P4DTI issue job000443

TitleReplicator needlessly re-does work
Statussuspended
Priorityessential
Assigned userNick Barnes
OrganizationRavenbrook
DescriptionThe replicator interprets many errors when replicating to Perforce as general server errors. This causes it to abandon the current poll and start over next time. However, if the error isn't a general server error then this starting over is needlessly wasteful, and can cause unnecessary conflicts.

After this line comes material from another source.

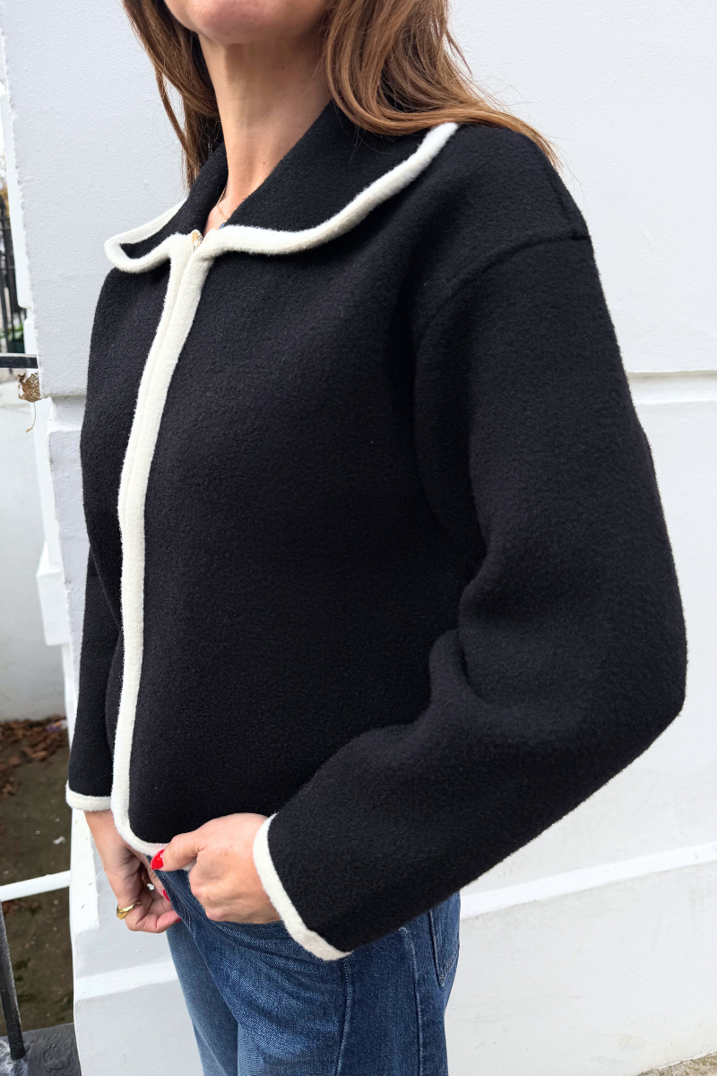By popular demand, Libby Loves presents the first drop of the Winter ’25 collection - the best-selling fuzzy jacket, now available in more colors and styles. This Fern Trim Jacket, crafted from a deep black viscose blend with ivory trim along the collar, zipper, and cuffs, combines cozy comfort with chic style. The full-length front zipper and long sleeves with ribbed cuffs make it a versatile winter essential. Available in Black and Vanilla.

This came up again in job00485.
AnalysisSee the customer report [1] for an example of an error when replicating to Perforce and a description of how bad the problem can be when it fails. See also my analysis [2]. It's hard to find a good solution to this. Here are some possibilities, and what's wrong with them:
1. Continue when you get an error in replicating to Perforce. (Goes very wrong if it error is a real server but misinterpreted. Also, it leaves the issue in an inconsistent state, violating requirement 1.)
2. Remember locally to the replicator that the issue needs to be replicated again. Don't forget to notice and take appropriate action when it also appears in the course of normal replication! (If the problem doesn't go away, the administrator gets an e-mail every poll. Also, when the replicator stops, we forget that the issue needs to be replicated and leave it inconsistent.)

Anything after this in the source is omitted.